I am having a dataset which look like follows(in dataframe):
**_id** **paper_title** **references** **full_text**
1 XYZ [{'abc':'something','def':'something'},{'def':'something'},...many others] something
2 XYZ [{'abc':'something','def':'something'},{'def':'something'},...many others] something
3 XYZ [{'abc':'something'},{'def':'something'},...many others] something
Expected:
**_id** **paper_title** **abc** **def** **full_text**
1 XYZ something something something
something something
.
.
(all the dic in list with respect to_id column)
2 XYZ something something something
something something
.
.
(all the dic in list with respect to_id column)
I have tried df['column_name'].apply(pd.Series).apply(pd.Series)
to split the list and dictionaries into columns of dataframe but doesn't help as it didn't split dictionaries.
First row of my dataframe: df.head(1)
After a lot of Documentation reading of pandas, I found the explode method applying with apply(pd.Series) is the easiest of what I was looking for in the question.
Here is the Code:
df = df.explode('reference')
# It explodes the lists to rows of the subset columns
df = df['reference'].apply(pd.Series).merge(df, left_index=True, right_index=True, how ='outer')

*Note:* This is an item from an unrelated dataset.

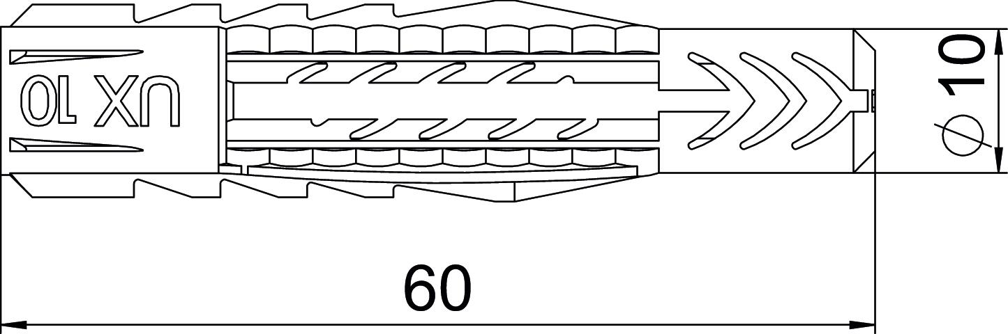 Description du produitUniversal nylon anchor for mounting light components on walls and ceilings. Suitable for concrete, calcareous limestone, full brick, hollow brick and porous concrete. The given load values are valid for wood screws with the specified diameter.

# split a list inside a Dataframe cell into rows and merge with original dataframe like (AUB) in set theory
Sidenote: while merging look for unique values in column as there will many columns with duplicated values
I hope this helps someone with dataframe/Series with columns having list containing multiple dictionaries and want to split list of multiple dictionaries key to new column with values as their rows.